**Work task**
Excluding every picture, print exactly the lines from the one containing "2、然后進行點擊了的Adobe Acrobat的菜單中的編輯的菜單。" through the end of the material below, both ends included.

**Available data**
--------------------------------------------------

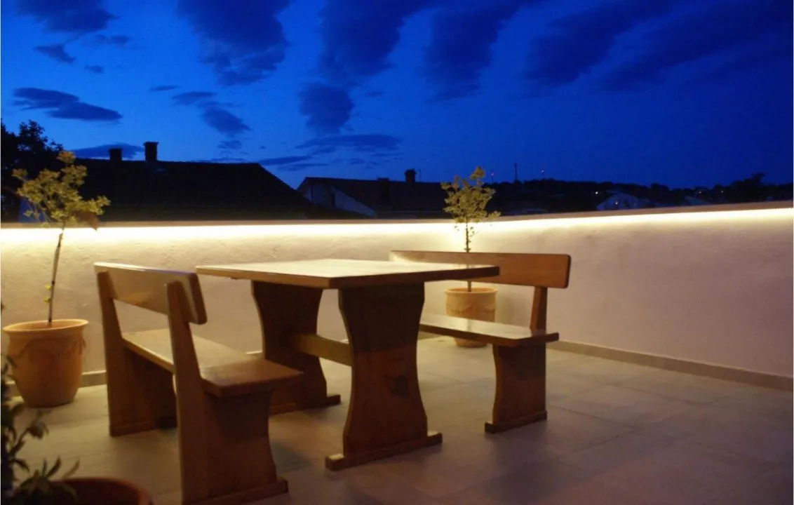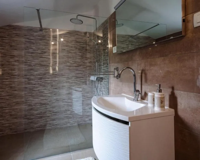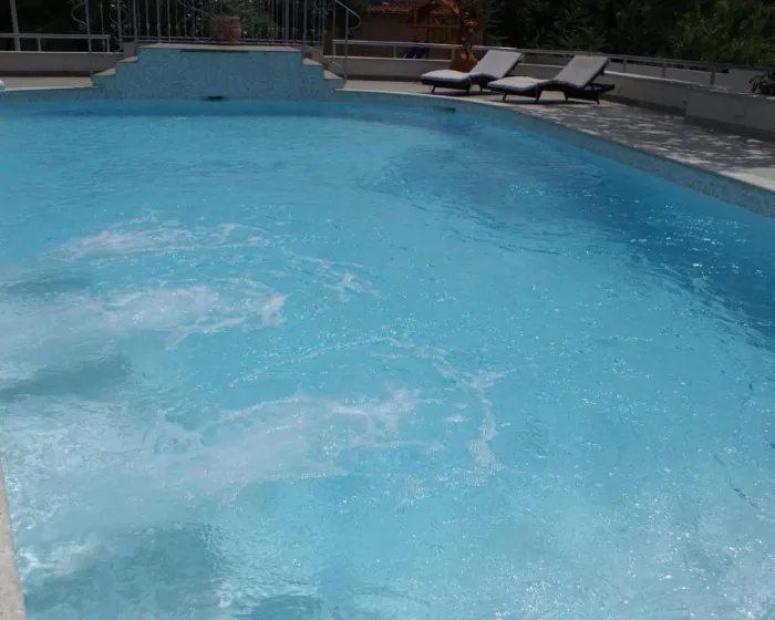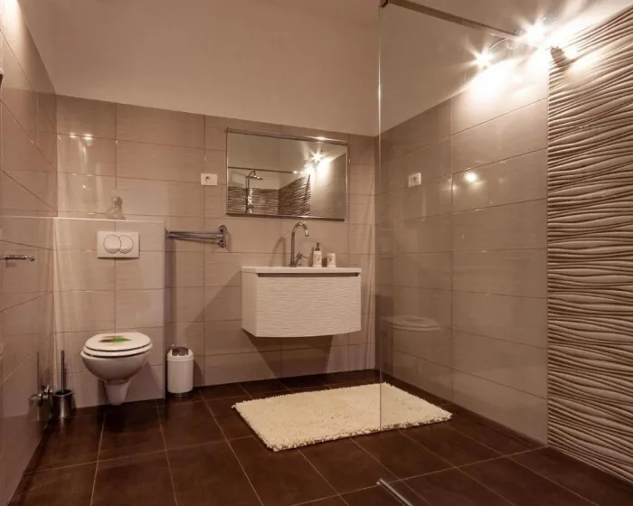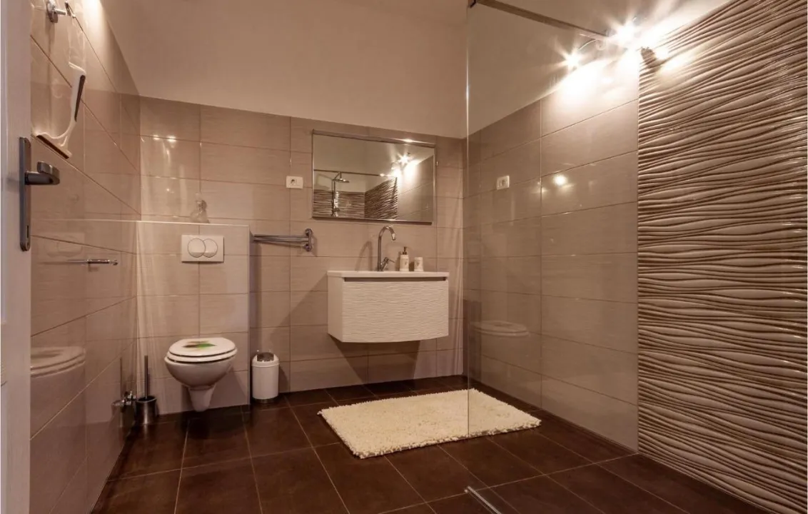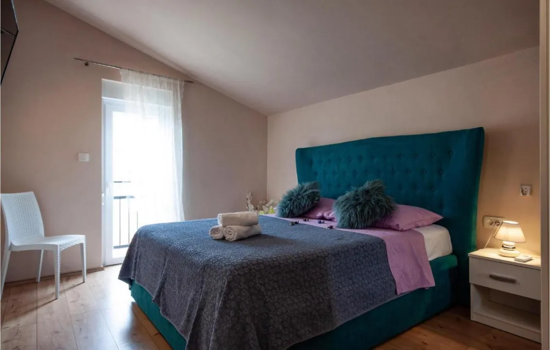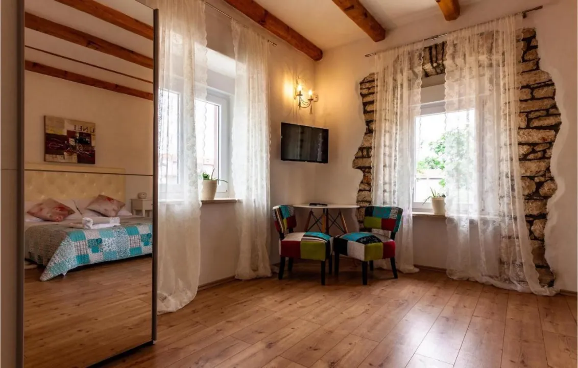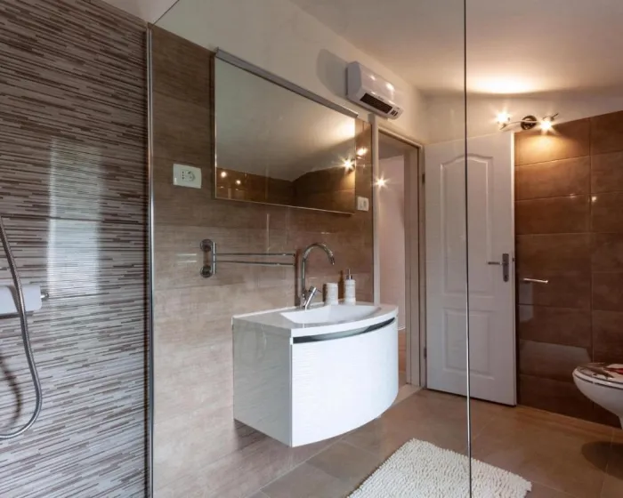 Prostrana kuća za odmor ima 5 odvojenih spavaćih soba, 5 kupatila, potpuno opremljenu kuhinju sa trpezarijom i mašinom za pranje posuđa, kao i dnevni boravak sa TV-om. smeštaj ima i kamin.
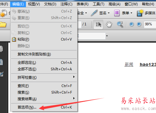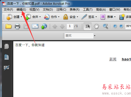 2、然后進行點擊了的Adobe Acrobat的菜單中的編輯的菜單。
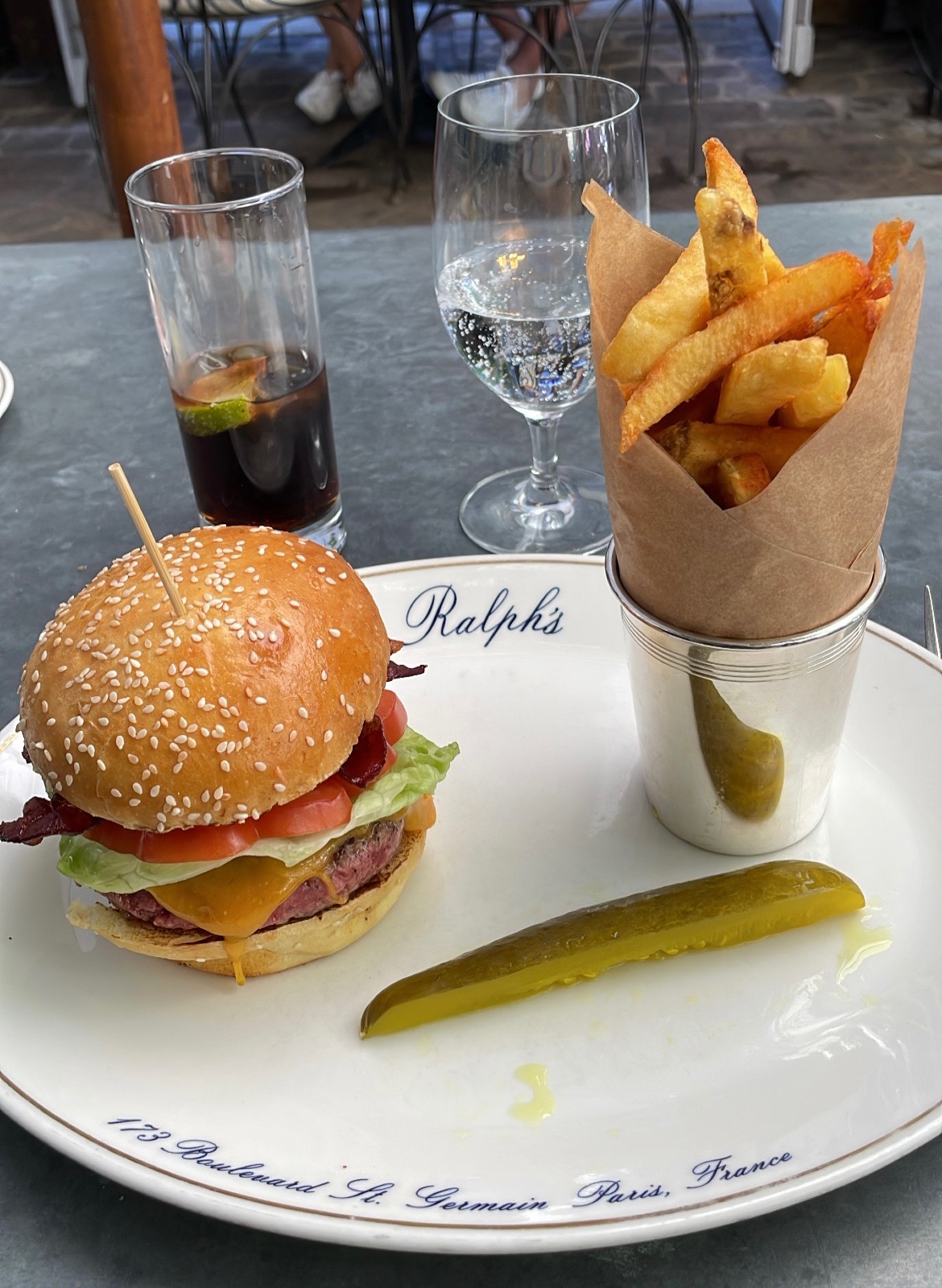 Que dire de ce restaurant so chic avec sa terrasse tendance particulièrement en été. Nous y sommes allés avec une amie après qq temps il y a de cela deux mois.Spritz saint germain ,petits canapé au saumon et un Ralph Burger à tomber c est à dire cuit à point bacon impeccable et pain non carbonisé. Nous y sommes retournés il y a qq jours .Spritz noyé dans des glaçons installés à l extérieur sans chauffage extérieur et sans petite lanterne en revanche un robinet ouvert faisant office de cascade à promite de nous alors que le temps était humide .Pourqupi pas? Il à fallut réclamer des olives et des pop corn.Nous faisons part de notre déception au serveur concernat le spritz alors que ,nous étions sur le point de partir .Il nous propose de refaire les boissons et par la suite nous propose de nous ramener la liqueur et d en rajouter nous même à notre convenance.Je rêve? Nous sommes chez Ralphs! 31 euros le sritz! Noudecidons tout de même de rester dîner le hamburger absolument pas à la hauteur de celui que nous avions mangé il y a deux mois .A point ne signifie pas carbonisé tant le pain que le steck. J ignore ce qui s' est passé et pourquoi ce manque d'attention .Changement de cuisinier?Nous décidons de ne pas prendre de dessert je demande un café et la les pop corn caramélisées arrivent avec. Peut être le lot de consolation?.Avant de partir j échange avec le serveur en lui disant que j ai vécu à Miami et la il me sort :Alors vous connaissez la bouffe américaine! Je lui dit: Oui mais ici nous sommes chez Ralph's! On dit jamais deux sans trois mais on ne m y reprendra plus! .Dommage pour une telle renommée!

--------------------------------------------------

**Task response**
 2、然后進行點擊了的Adobe Acrobat的菜單中的編輯的菜單。
 Que dire de ce restaurant so chic avec sa terrasse tendance particulièrement en été. Nous y sommes allés avec une amie après qq temps il y a de cela deux mois.Spritz saint germain ,petits canapé au saumon et un Ralph Burger à tomber c est à dire cuit à point bacon impeccable et pain non carbonisé. Nous y sommes retournés il y a qq jours .Spritz noyé dans des glaçons installés à l extérieur sans chauffage extérieur et sans petite lanterne en revanche un robinet ouvert faisant office de cascade à promite de nous alors que le temps était humide .Pourqupi pas? Il à fallut réclamer des olives et des pop corn.Nous faisons part de notre déception au serveur concernat le spritz alors que ,nous étions sur le point de partir .Il nous propose de refaire les boissons et par la suite nous propose de nous ramener la liqueur et d en rajouter nous même à notre convenance.Je rêve? Nous sommes chez Ralphs! 31 euros le sritz! Noudecidons tout de même de rester dîner le hamburger absolument pas à la hauteur de celui que nous avions mangé il y a deux mois .A point ne signifie pas carbonisé tant le pain que le steck. J ignore ce qui s' est passé et pourquoi ce manque d'attention .Changement de cuisinier?Nous décidons de ne pas prendre de dessert je demande un café et la les pop corn caramélisées arrivent avec. Peut être le lot de consolation?.Avant de partir j échange avec le serveur en lui disant que j ai vécu à Miami et la il me sort :Alors vous connaissez la bouffe américaine! Je lui dit: Oui mais ici nous sommes chez Ralph's! On dit jamais deux sans trois mais on ne m y reprendra plus! .Dommage pour une telle renommée!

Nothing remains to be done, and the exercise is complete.